In regard to her liver function tests, apparently she had normal liver function in 1998 although that record has not been passed on to me. However, it is commented on by both Dr Rose and Dr Gane who have both provided reports. The liver function tests became abnormal in November 2001. The pattern of abnormality was elevation in the alkaline phosphatase, GGT and ALT. The tests themselves were not markedly abnormal. An example from 12 February 2003 showed an alkaline phosphatase of 137 (normal is 25-100), GGT 164 (normal is 0-50), ALT 89 (normal is 0-40), AST 54 (normal is 0-45). These can be compared with liver function tests performed in December 2001 when the alkaline phosphatase was 227, GGT 266, ALT 166 and AST 128. There has been some resolution as time has gone by. 

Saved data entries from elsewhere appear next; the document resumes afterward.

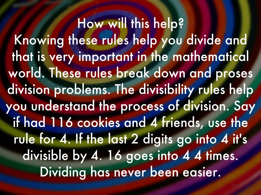 How will this help? Knowing these rules help you divide and that is very important in the mathematical world. These rules break down and proses division problems. The divisibility rules help you understand the process of division. Say if had 116 cookies and 4 friends, use the rule for 4. If the last 2 digits go into 4 it's divisible by 4. 16 goes into 4 4 times. Dividing has never been easier.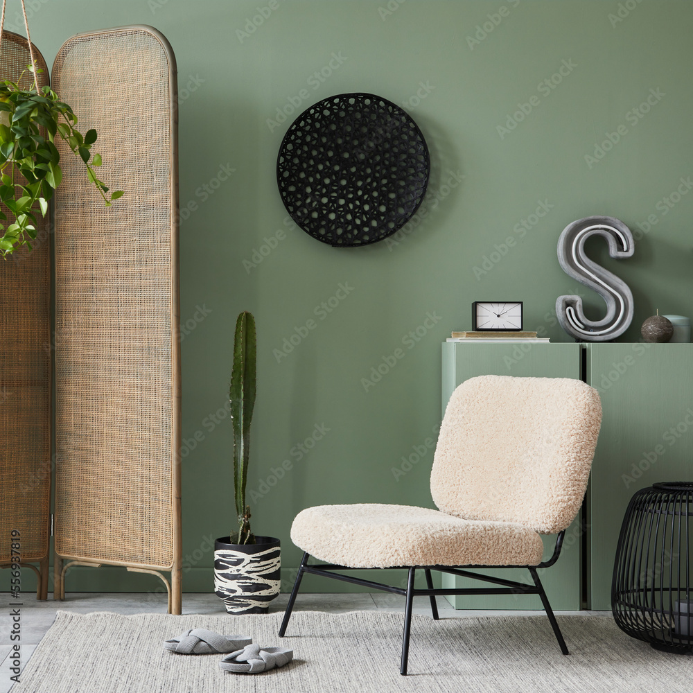 Creative living room interior composition with frotte armchair, folding screen, wooden commode and modern home accessories. Sage green wall. Template. Copy space. Real photo.
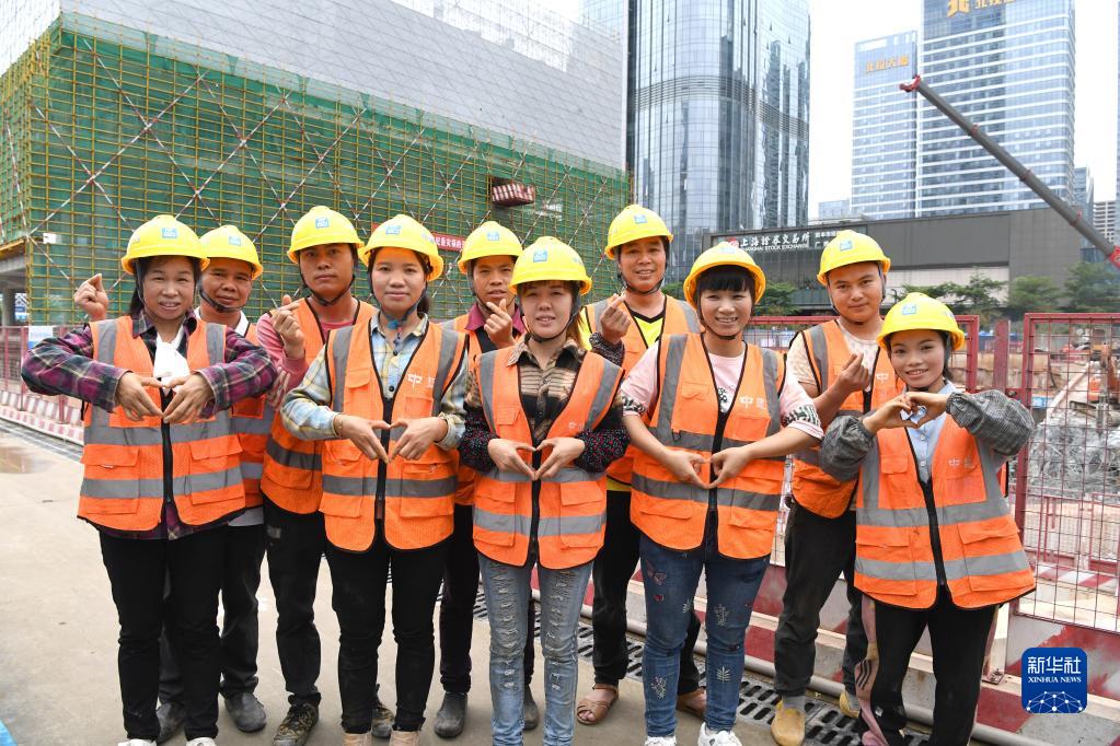 建筑工在廣西南寧市良慶區五象大道中建三局一公司南寧中銀金融中心項目建設工地留影(4月19日攝)。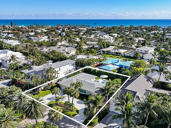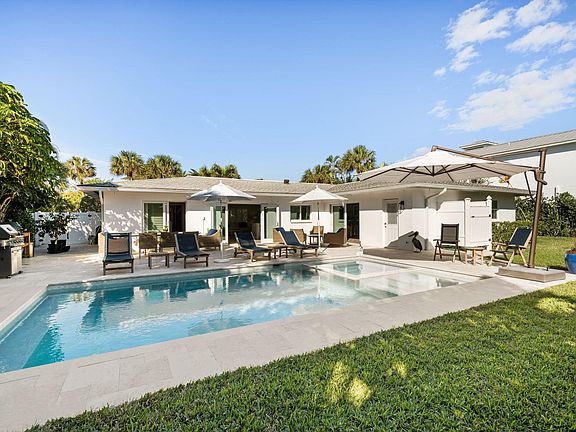 This tastefully renovated 3-bedroom, 2-bathroom beach home in one of the best locations within Jupiter Inlet Colony is meticulously maintained and offers a tranquil beach-style living experience. Possible SELLER FINANCING or lease purchase available. The home is situated on one of the larger lots & highest elevation in JIC with a circular driveway and is just steps away from the beach. Inside, the home features impact doors and windows, an open floor plan that allows plenty of natural light to flow through, and porcelain beach tile flooring. The kitchen boasts quality white wood cabinetry, quartz counters, and stainless steel appliances, creating a modern and stylish space. The bathrooms have also been nicely updated. Outside, the home offers a large, new salt water heated pool and spa..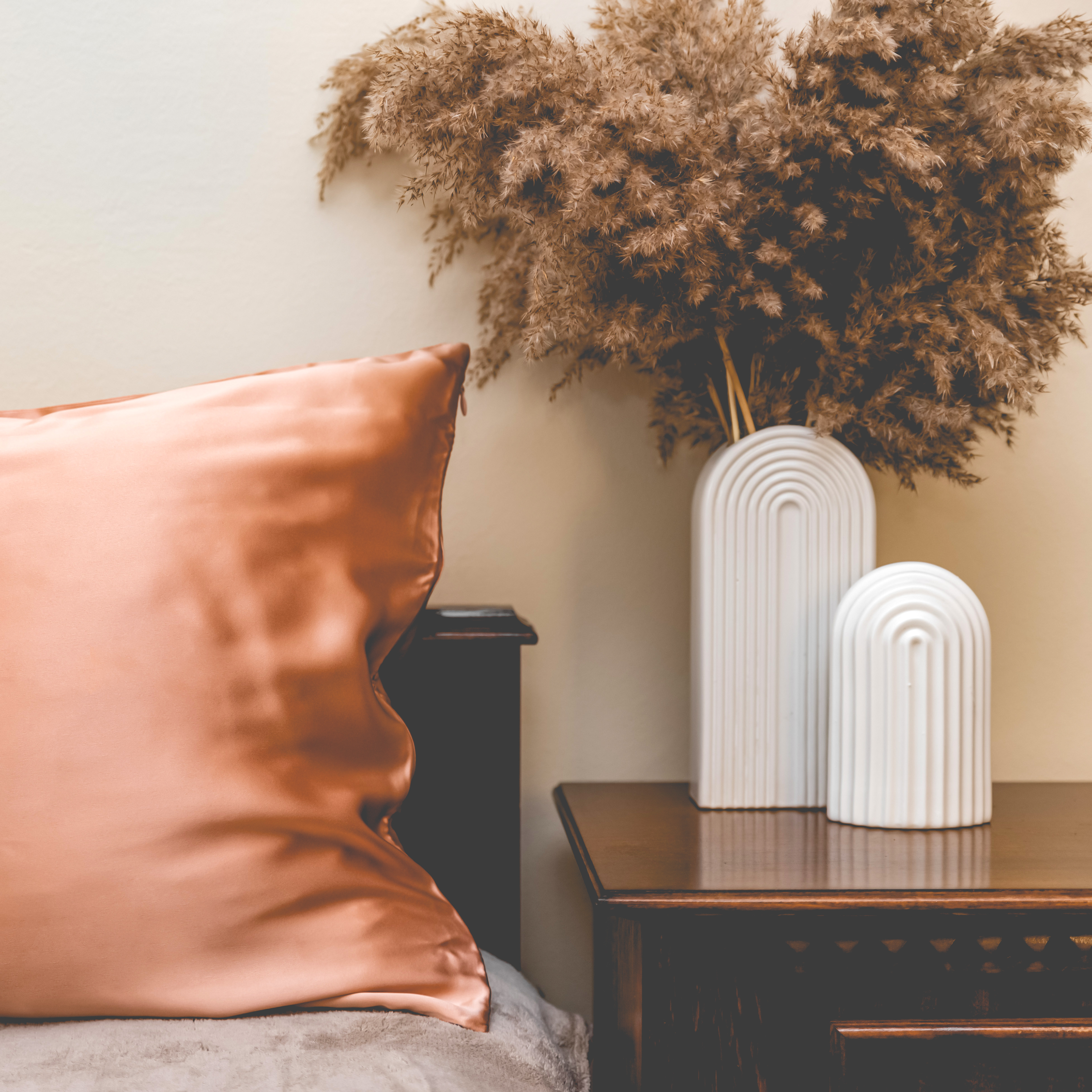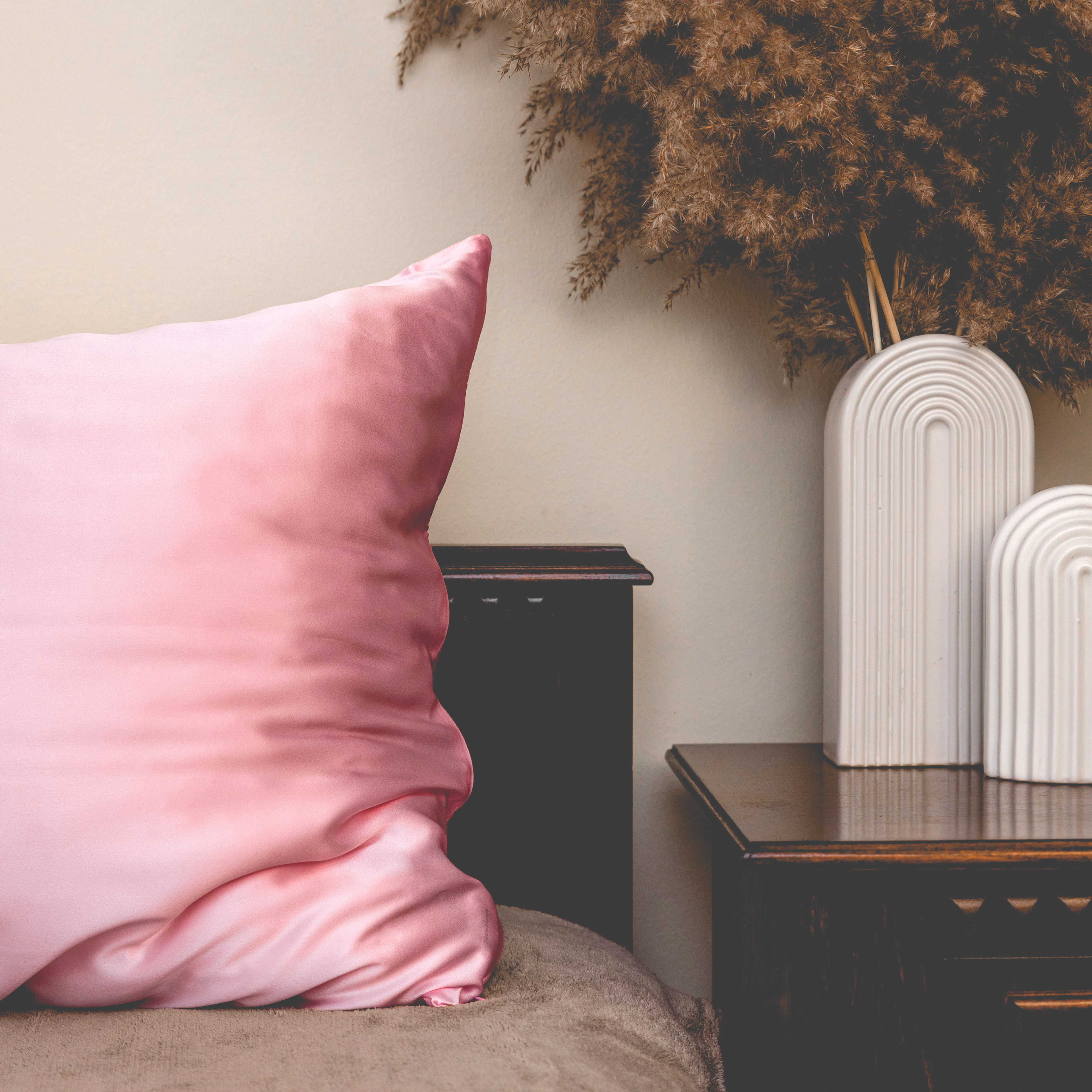 Product photography of luxury silk pillowcases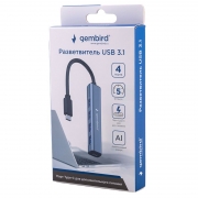 HUB 4-port Gembird UHB-C474 USB 3.1 с доп. питанием (порт Type С), алюминий, кабель Type C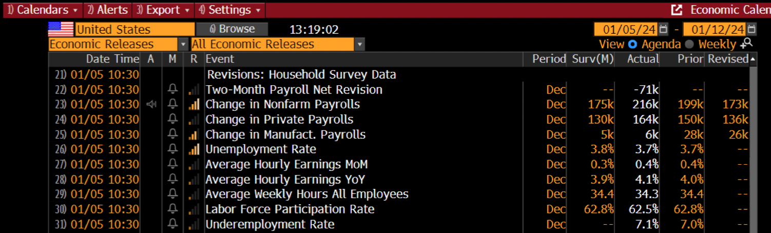 Cerró un mes (y un año) muy positivo, y los primeros días de 2024 llegaron con alta volatilidad. Los mercados han tenido un par de días de mala rentabilidad, en parte porque siguen calibrando el momento en que la Fed pudiera comenzar a recortar sus tasas: hay amplio consenso en que las tasas bajarán, pero la incógnita del inicio (que si marzo, que si mayo) causa volatilidad.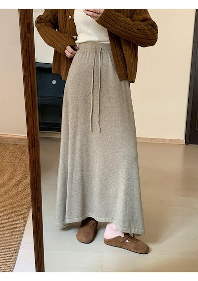 ニットスカート レディース 秋 冬 春 ニット ロングマキシスカート フレアスカート ウエストゴム ボトムス 肌触りいい Aラインロングスカート フレア カジュアル 大人かわいい フェミニン きれいめ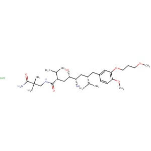 Smiles CC(C)[C@@H](CC1=CC(=C(C=C1)OC)OCCCOC)C[C@@H]([C@H](C[C@@H](C(C)C)C(=O)NCC(C)(C)C(=O)N)O)N.Cl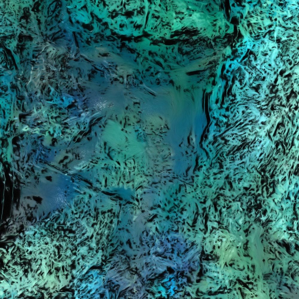 Peinture numérique abstraite à la gouache dans des tons de bleu et de vert.

This patient went forward for a liver biopsy after she'd been shown to have positive anti-mitochondrial antibodies suggesting primary biliary cirrhosis. The biopsy occurred on 29 August 2003 and the report notes that the appearances were those of steatohepatitis. There was additional ductal abnormalities which are consistent with, although not diagnostic of, early primary biliary cirrhosis. The patient was then placed on Actigal which is used in patients with primary biliary cirrhosis. 
According to Dr Gane's report, liver function tests were repeated in 2005 and are now normal. He also noted that on an abdominal ultrasound there had been significant fatty infiltration of the liver which was not present on the ultrasound performed in January 2002. There was also evidence of weight gain over the last three years. These are the circumstances of this claim. ”
It should be noted that Danazol is a well recognised drug prescribed for the medical condition known as endometriosis. Professor Burgess has also commented on the prescription of Danazol, at the time of so doing his comments were directed at issues of medical error. He commented as follows: 
“This patient received three courses of danazol. The dose varied between 400 mg and 800 mg per day. This is the recommended dosing for this substance. It is usual for danazol to be recommended for a six to nine-month course. However, this has to be tempered by the patient's illness. It is noted that she responded each time to danazol in that it relieved some of her symptoms. Following the first course of treatment, her condition relapsed when the danazol was stopped and so it was not too surprising that her doctor restarted it again. I note that it was stopped when she went forward to surgery and then was restarted for a period when symptoms recurred post-surgery. I think that under such circumstances it is not unusual for a patient to receive additional courses of danazol. Therefore I do not think medical error has occurred here. ”
As was noted by Professor Burgess, the appellant was diagnosed with primary biliary cirrhosis and it need only be said that this particular condition was not caused by the drug Danazol but was a condition which did arise and caused its own separate and significant liver problems. 
The appellant lodged her claim for cover in June 2003, following which the respondent's Medical Misadventure Unit sought reports from specialists who had been involved in her treatment as well as seeking independent specialist opinion. It is to be remembered that the claim for cover was much broader than that which is now the issue before the Court. 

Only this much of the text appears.